Some of you may have noticed that dotcult.com, noslang.com and feedbutton.com have been down or acting very slowly for the last few days. I thought it was because of the amount of bandwith feedbutton was using (see post below this one) but it wasn’t. I kept running the numbers in my head and thought “wow, a dedicated server should be able to handle these 3 websites with no problems.” It turns out, I was right.

When my sites weren’t responding I went through the usual checklist. Here’s what I did and my thought process:

  1. Is it my internet connection? A quick visit to some proxy sites show that the site isn’t responding for them either.
  2. Is the server down? ping…pong it’s responding to that.. A quick look at the apache logs confirm 150 current requests being processed… it’s not down
  3. Is there a rogue process? su root; ps x …. Nope, everything looks normal here.
  4. Restart apache anyway. That didn’t seem to work.
  5. Restart the server for the hell of it… that didn’t work either
  6. Must be a network issue. tracrt www.dotcult.com … hop hop hop.. interesting….

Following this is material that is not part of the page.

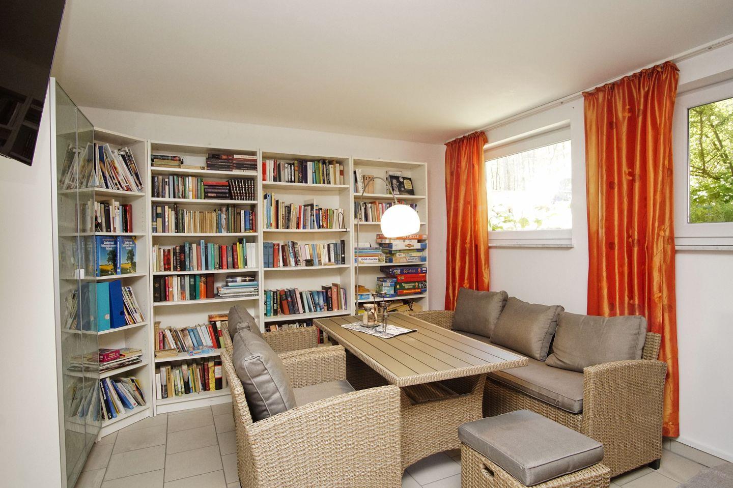 WOHNEN // Wohnraum mit Essbereich, Sitzgarnitur mit bequemer Couch, Kaminofen ,Flachbild-TV (Kabel) und Sky Komplettpaket, Radio ++

After it reaches a GoDaddy IP address (ip.secureserver.net) the final 5 hops take 778ms. This tells me that the problem is somewhere within GoDaddy’s network. It also tells me that there’s nothing I can do to fix this problem. I’m stuck calling GoDaddy.

After about 30 seconds of hold time (impressive!) I’m met by a guy on the other end. Before I can tell him what the issue is, he explains to me that I have an unassisted server plan, and thus he can’t help me. He also told me that he can access my sites fine. I tried to explain to him that by accessing them locally from his network, he won’t experience it… to try a proxy site or external internet connection. He refuses.

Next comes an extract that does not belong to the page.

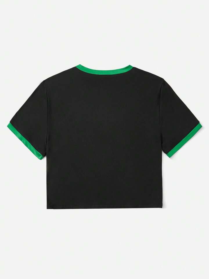 Rainydazed Camiseta unida en contraste estampado de esqueleto

30 minutes later, I finally got a manager on the phone. He gave me the same shtick about having to upgrade to an assisted plan. After explaining what I’ve already tried, and assuring him that I know my way around a linux box, I told him it’s got to be a network issue and asked him to walk down to his server team and ask them to debug. I had to threaten to close my account, but he finally obliged.

Only then did he realize that they were having some hardware issues. Apparently the issues were bigger than just my site because he seemed to have an “oh shit” reaction to what he found. He told me that it would take a day or 2 to fix the issue, and thanked me for reporting it.

He was right. The next day the problems were gone and my sites are currently responding faster than ever. (I know I’m probably jinxing myself with this one.)

I’m just shocked that I had to go through all of this. It took him about 5 minutes to find the issue once he went down to his team in the server room, but it should have been found and fixed before I even called.

  1. What a wanker. Seriously, if you want fucking shit customer service you need look no further than webhosts. It seems that because they’re not physically customer facing they feel they can fob you off with any old shit.

    My webhosts (sitehq) have pretty dreadful customer service (well, to be honest, there’s only one guy who answers my tickets and I think it’s more of a personality clash, so I accept part of the responsibility if I’m being fair). The point is, I said I was going to take my business elsewhere and they didn’t care, just closed the ticket without comment – where do you go from there? As a consumer the only leverage we have is our trade, and if the company in question doesn’t care about keeping you – you’re totally screwed.

    Comment by Alexander — August 6, 2007 @ 5:34 am